Ask The Expert: Giving a PowerPoint (PPT) presentation makes me nervous. What can I do to prevent boring slides?

We run PPT presentations for all kinds of clients for all types of audiences.  The best design practices for PPT slides are the standard K.I.S.S. method (Keep it simple, stupid!).  PPT offers many graphic elements, but consider how an audience views the slides and you’ll quickly see that simpler is better.  Here are some tips to get you started.

1.    Remember the Scouting rule “Be prepared”. Nothing kills a presentation more than a false start. Bring an extra lamp (light bulb) for the projector – and test the projector with the laptop you’ll be using beforehand.  In case the projector doesn’t work, be prepared to give your speech without the slides. Then pass a piece of paper around and ask people to jot down their name and email if they would like you to send the slides to them after the event.

2.    Check the format of the display: PowerPoint gives you three size choices: 4:3, 16:9 and 16:10. These are called aspect ratios.  For instance, some monitors are wide screen and require the 16:9 aspect ratio.  Otherwise, the slide won’t show up as full screen.

3.    Make sure the screen resolution selected on the laptop is compatible with the monitor.  If not, the image will be completely distorted.

4.    Choose a design template that is simple and themed for your audience.  Business presentations should be neutral in color, presentations for children should be colorful.

5.    Dark text on a light background is best, but tone down white backgrounds by using beige or another light color that will be easy on the eyes. Dark backgrounds are very effective, but be sure to make text a light color for easy reading. In short, avoid straight black and white.

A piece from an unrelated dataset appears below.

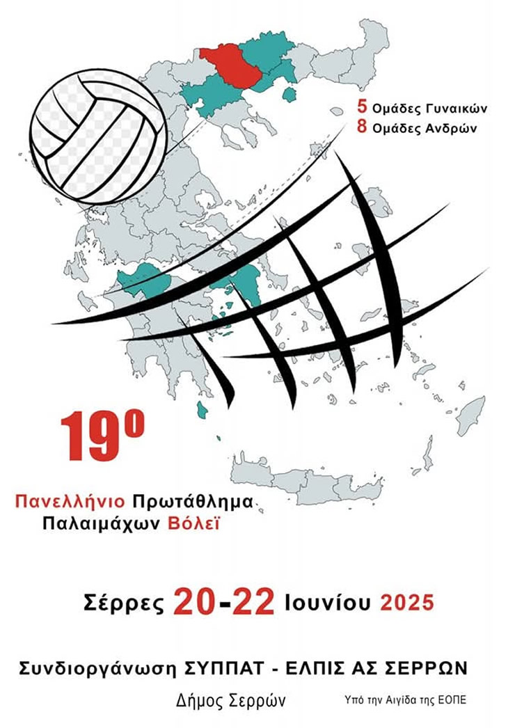 Οι Σέρρες ετοιμάζονται να υποδεχθούν για ακόμη μία φορά αθλήτριες και αθλητές του ελληνικού βόλεϊ, φιλοξενώντας το 19ο Πανελλήνιο Πρωτάθλημα Παλαιμάχων Βόλεϊ, από τις 20 έως τις 22 Ιουνίου 2025.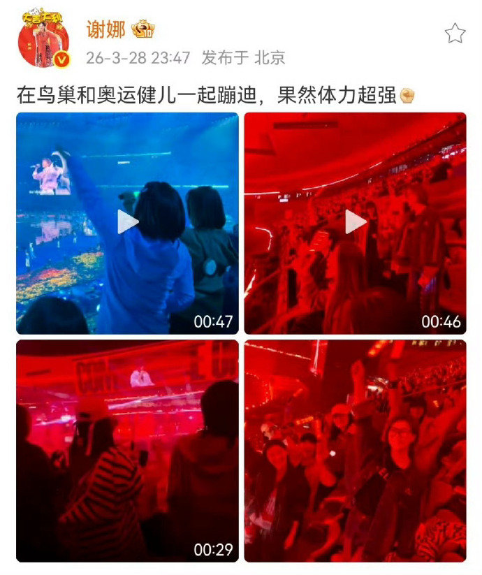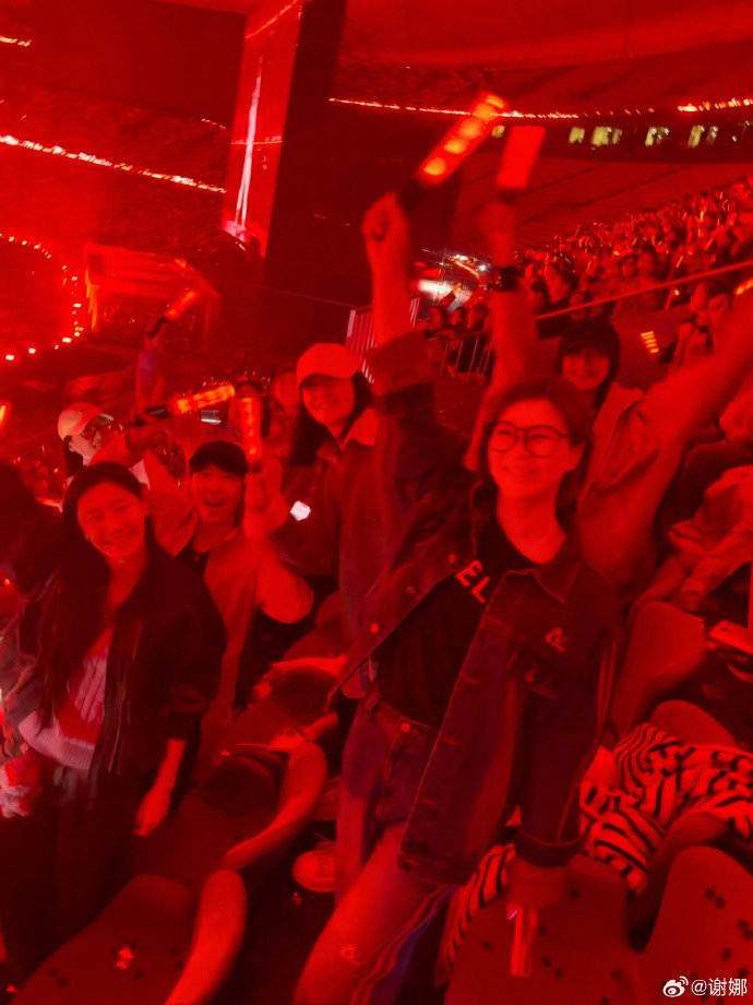 谢娜和奥运健儿看张杰演唱会 演唱会现场阵容太绝,谢娜与秦岚、杜华并肩看演出,奥运健儿们也齐聚一堂,氛围感拉满。

6.    Fonts: Use either Arial or New Times Roman fonts in a minimum of 30 points in size in no more than 2 different different font styles.

7.    Remember the 4-4-4 rule. You want to get across only four points to your audience.  There should be four bullets on each slide, and four words for each bullet. The information on any slide should not take longer than 10 seconds for an audience to absorb. This keeps the audience focusing on you and not the slides. Also, don’t read the text to the audience. They read it as soon as you posted it on the screen.

8.    Don’t overload your presentation with charts, graphs and graphics. If someone in the back of the room can’t read the details, skip it.

9.    The same goes for animations, transitions and sounds.  They look cool when you’re creating a presentation, but are very distracting from both a visual and comprehension perspective.  Again, less is more.

10.    How many slides do you have?  For a typical twenty minute presentation, 10-12 slides should be plenty. Flipping through slide after slide sends the audience reeling from too much information.

11.    Easy on the laser pointer. By the time the audience finds the dizzying dot, the point of the topic is lost.

12.    Pause during your presentation.  Avoid talking non-stop, and pause after important statements, to let the idea sink into the audience’s minds.  It’s a very powerful element of public speaking.

Follow these simple steps and you’ll have a presentation that smoothly gets your message across. Now, wasn’t that easy?